The reason behind such mocking may well stem from the term ‘football’ and who should truly hold the title, the US or the UK.
In a game where feet are rarely used it seems somewhat unfair that us lot on the east side of the Atlantic get stuck with the term ‘soccer’, whatever that is, but within the land of opportunity may well be reasons to improve our own approach to sport.
While many Brits see America as the venue of too much emotion and drama in their sport, having a deep passion for your career or even your team is no crime, it is even something to be admired.
All of us worship our teams and wait for that Saturday when we can unleash our support on those eleven men tasked with making our weekends worthwhile and our Monday mornings bearable, so why is it deemed strange when Americans do it? This perceived arrogance is only immense pride in performance.
Advancement in technology
Besides the fan element of sports state side, the advancement in technology is something, yet again, that makes our football fall way behind.

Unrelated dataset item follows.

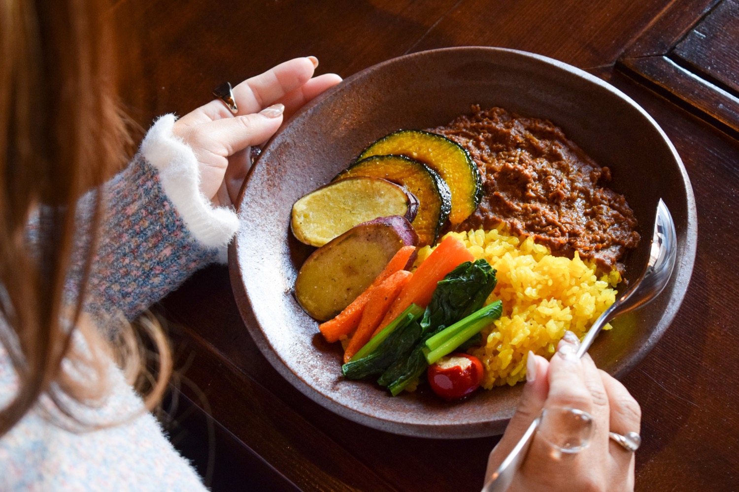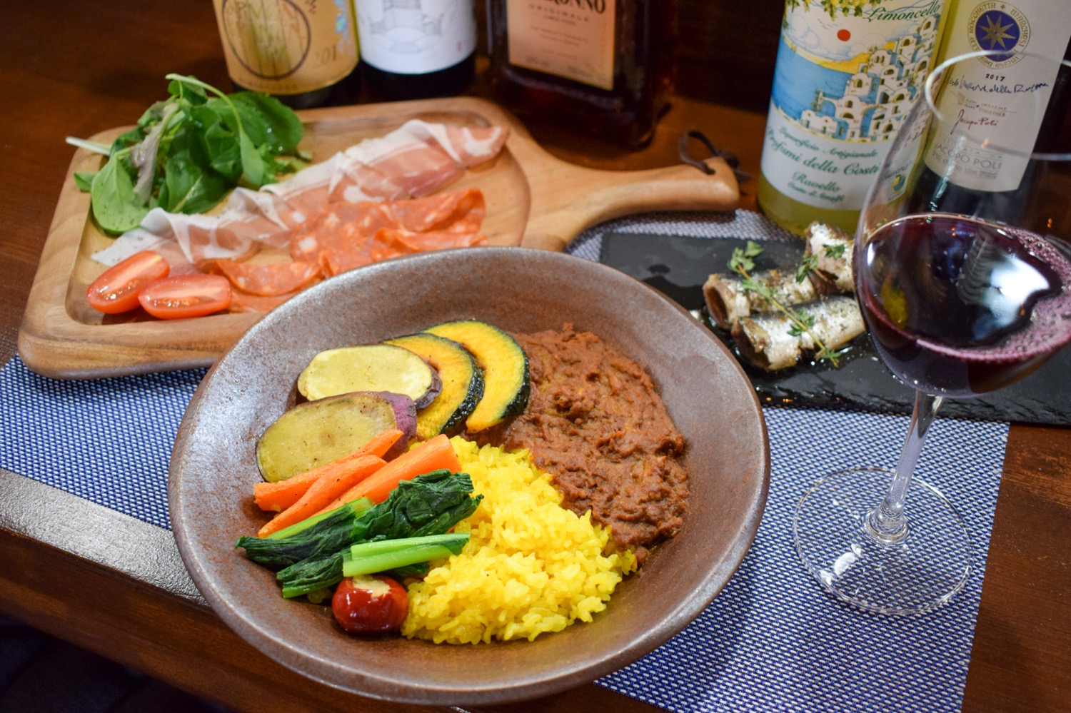 料理人経験も豊富な店主・関さんが腕をふるうカレーは、“ジェラートに合う”スパイスから作る鶏ひき肉のキーマカレー!山梨県産の天空かぼちゃやシルクスイート、にんじんなど、彩り豊かな野菜を素揚げし、野菜本来の持つ甘みを引き出す。

Despite many people's objection to American Football being the constant break up in play and turning a sixty minute game into a three hour contest, the amount of incorrect decisions in a game of NFL, Baseball, NHL etc are few and far between.
Given the option, I imagine most football supporters wouldn’t mind staying an extra fifteen minutes after the game as long as their centre-forward is correctly called onside.

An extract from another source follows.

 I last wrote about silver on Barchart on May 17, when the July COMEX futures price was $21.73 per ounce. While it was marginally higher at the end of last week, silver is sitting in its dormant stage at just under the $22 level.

In the lead up to Super Bowl week Sky Sports had a number of documentaries focusing on the journey the winners of the Vince Lombardi Trophy took to become champions. As well as highlighting stories of beating the odds, tales of destroying the rest of the field and significant plays devised by legendary coaches, the series also made our footballing heroes look as dull as dishwater.

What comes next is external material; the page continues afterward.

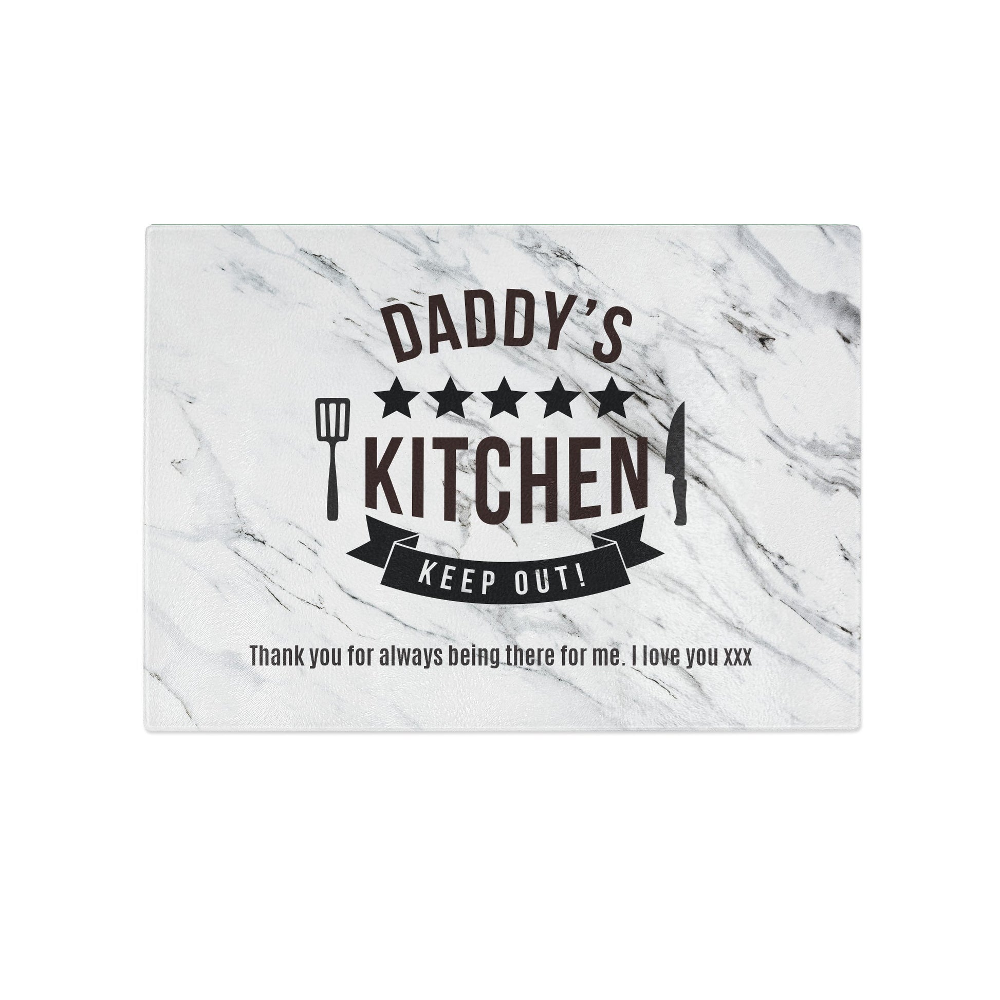 Delight a food-loving friend with a distinct custom present! Showcasing a marbled look, this grooved glass cutting board boldly declares *NAMES* Kitchen and amusingly tells others to "KEEP OUT!" You can personalise this custom cutting board with any name and a lone message.

Speaking to winning quarter backs and others who played vital roles in the season, it becomes apparent very quickly that these players have character and are easily prepared to show their personal side when recalling the glorious campaign.
Seeing professionals laughing and joking, as well as being serious, is an unknown quantity in our game where it often takes a Mick McCarthy interview to liven up the post-match formalities. For the American sports fan it isn’t a surprise when they see the jovial side of their superstars.
Many players in the NFL are often mic’d up during games or training for TV programmes so supporters almost feel as if they know their favourite players on a personal level giving them a closer connection, especially when they celebrate a touchdown.
In the Premier League there are countless restrictions from allowing even certain press members get close to players, managers or club officials so, besides match days and at the gates of the training ground, how are supporters supposed to feel a connection to these multi-million pound megastars? It’s an almost impossible task.
Seeing a country that appears to be obsessed with the commercial element of sport, it can often be hard to admit that America has a better grasp of sports production than ourselves but they are, in fact, a great example to follow. Just as long as they drop that soccer line.